Ritinha quando retornou para as terras da família em Esperança, Paraíba, se assustou. O solo estava empobrecido pelas queimadas. Mas decidida a mudar aquele de utilizar a terra, passou a utilizar a palha de feijão, restos de verduras e cascas de frutas para adubar o solo. Plantou um pé de côco e um pé de laranja para ver no que dava. “Eu comecei a deixar o mato crescer, pois ele alimenta a terra”, explica. O resultado: hoje ela já tem mais de 50 pés de fruteiras e cultiva muitas hortaliças, sem falar nos pequenos animais que cria para o consumo familiar.



Um lugar de pertencimento


Pequenos produtores rurais, povos indígenas, comunidades quilombolas, assentamentos de reforma agrária, silvicultores, aquicultores, extrativistas e pescadores compõem este variado grupo que se caracteriza como a agricultura familiar.


Mas não seria possível qualificá-los apenas pelo tamanho da sua propriedade.
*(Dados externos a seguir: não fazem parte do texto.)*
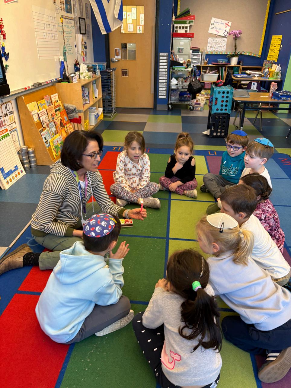 7. Kindergarten students explore the wonders of fire and light the Hanukkiah for Chanukah with Morah Jo.

É que a forma como se relacionam com suas unidades produtivas está além do sentindo da posse da terra ou da geração de renda. Para eles, essas terras são um lugar de conexões com tudo que está ao seu redor e com a cultura.


Há troca de saberes, solidariedade e cooperação entre pessoas, famílias e grupos.  A terra como um lugar para se viver, cuidar, preservar e respeitar o meio ambiente. Pois é graças a ela que suas vidas se tornam possíveis.